Why your belly's sticking out!

Is it whiskey or is it wine?

Or is it a lack of PT TIME!



Ok Marines you wanted, it you got it! This is the US Colonial Marines Workout Thread! :D

In here we will share workout advice, post progress pics, and support each other in achieving our individual goals! Whether you are trying to lose a few pounds, gain a few pounds, tone up, trim down, bulk up... IT'S ALL GOOD HERE! :D


So here are some suggestions on what will be your initial posts in this thread:

- Set a goal for yourself (lose weight, gain weight, lower body fat, increase muscle mass, etc). It is important to be realistic- if your body has been the same weight for years or decades, you're probably not going to lose or gain 50 pounds in a couple of months. :wink:

- Set a timeframe to reach your goal by. Some of us might use D-Con as a finish line- nothing wrong with that.

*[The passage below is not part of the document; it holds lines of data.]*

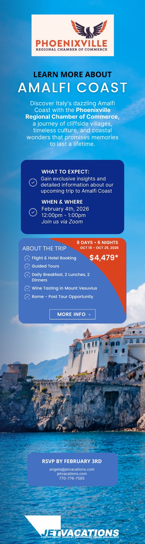 Take advantage of this opportunity to save money, gain new clients, and grow your brand. Members can post discounts for free. Interested in adding a discount? Email Meg at mmccain@phoenixvillechamber.org to get started today!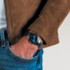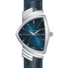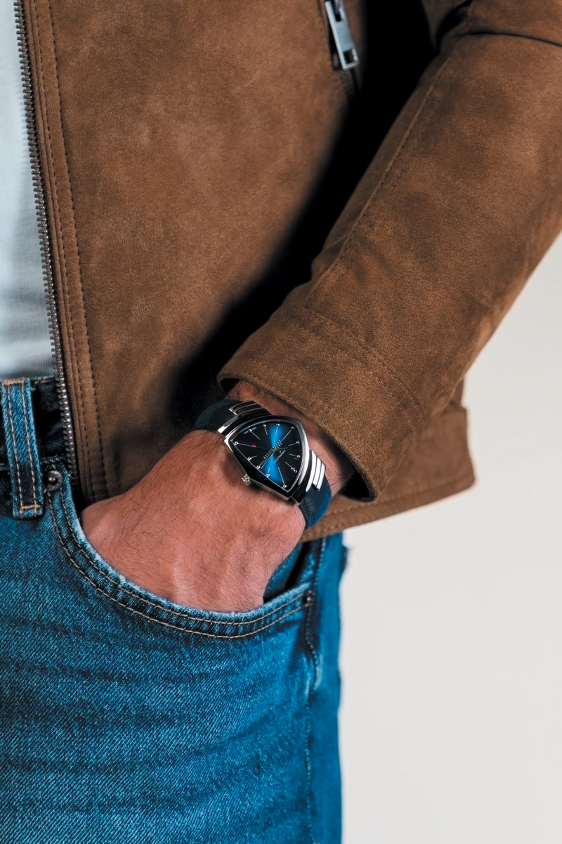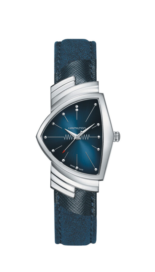 En 1957, Hamilton lance la première montre électrique, la Ventura. Cette montre révolutionnaire marque le début d’une nouvelle ère dans le monde de l’horlogerie, s’imposant comme un emblème du design futuriste et un symbole d’innovation. Inspirée par le tube Blue Suede Shoes d’Elvis Presley, la Ventura Quartz est équipée d’aiguilles des heures, des minutes et des secondes nickelées ainsi que d’un mouvement à quartz garant d’une grande fiabilité et logé dans un boîtier triangulaire emblématique en acier inoxydable. Un bracelet en alcantara d’un bleu intense vient compléter un cadran bleu foncé qui évoque les célèbres chaussures du King dont parle la chanson.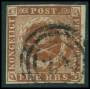 1854. 4 RBS Thiele tryk 3 kastanjebrun pl. IV nr. 1. Attest LN.

- You must post a picture of yourself as a starting off point (this will basically be your "Before" picture). If you are hardcore take the pictutre shirtless (trust me it helps), however if you are uncomfortable with this you may wear a tanktop.

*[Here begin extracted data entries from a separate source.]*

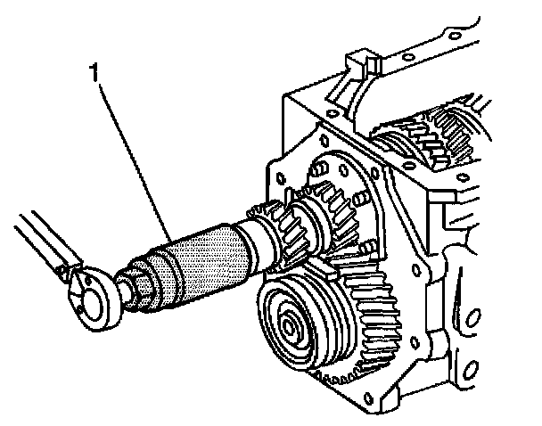 12. (4WD models) Using the J 38805 (1), remove the mainshaft nut and washer.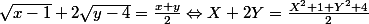 p1 : \/¯(x-1) + 2\/¯(y-4) = (x+y)/2 <=> x=2 et y=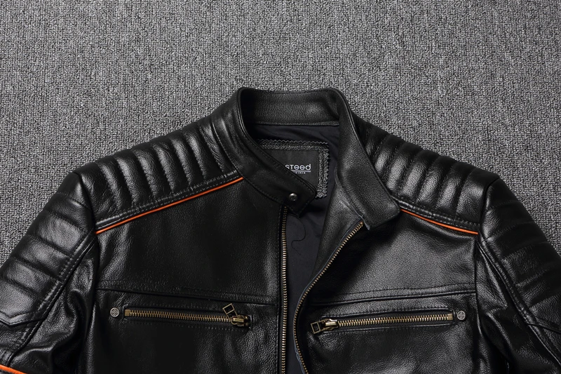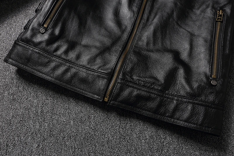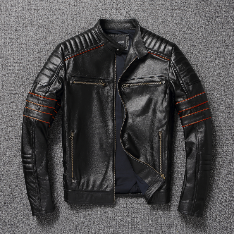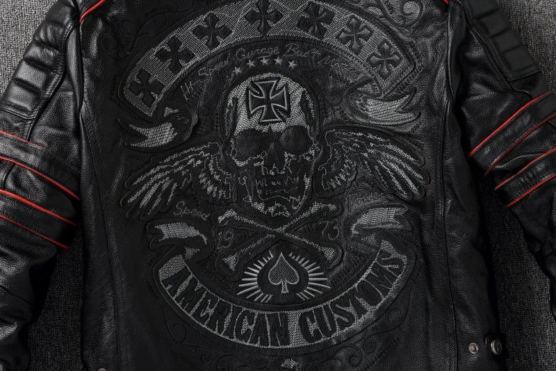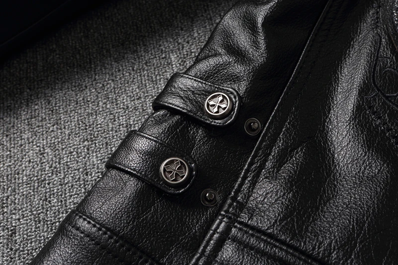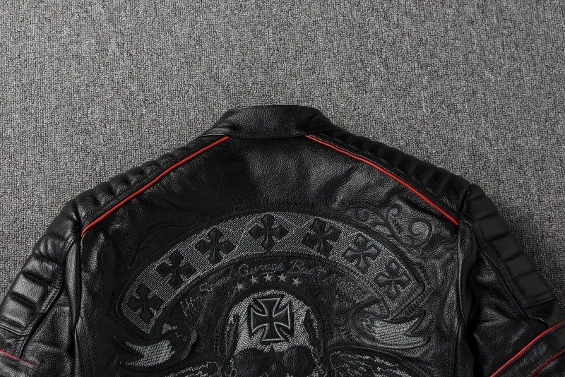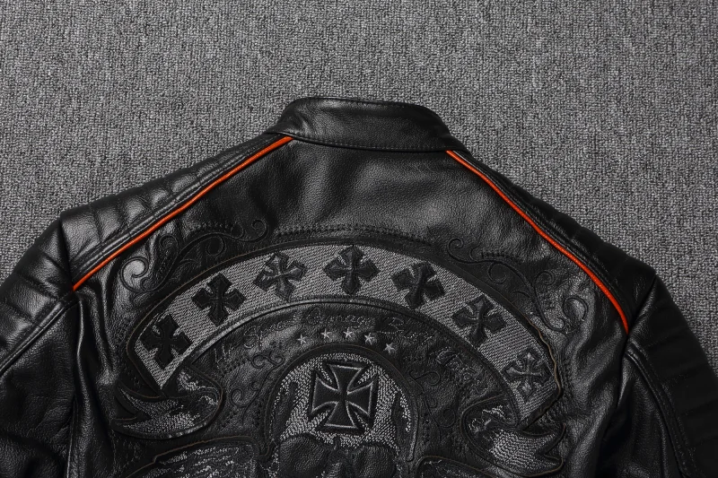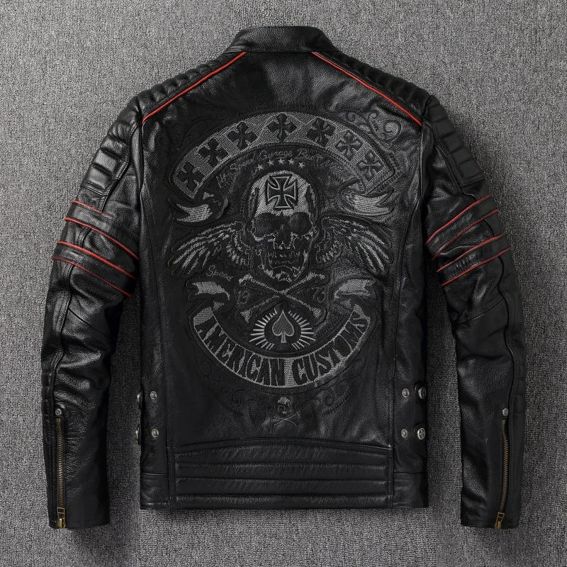 New Embroidery Skull Fashion Genuine Leather Jacket Men's Natural Cowhide Motorcycle Jacket Slim Moto Coat

You should post the following:

-height
-weight
-waist measurement (if you are attempting to lose weight)
-things like arm or chest measurements can be optional
-if you really want to, you can have your bodyfat percentage analyzed (I'm able to have this done at my gym)

Once per month we will all post an updated picture to track our progress.

We can post daily about what we ate/ avoided eating/ trained at the gym (or whatever main exercise you perform- running, swimming, cycling etc). At the very least, you should post once a week about your training progress.

I'm going to post my intro tomorrow with my picture, longterm goals and timeframe.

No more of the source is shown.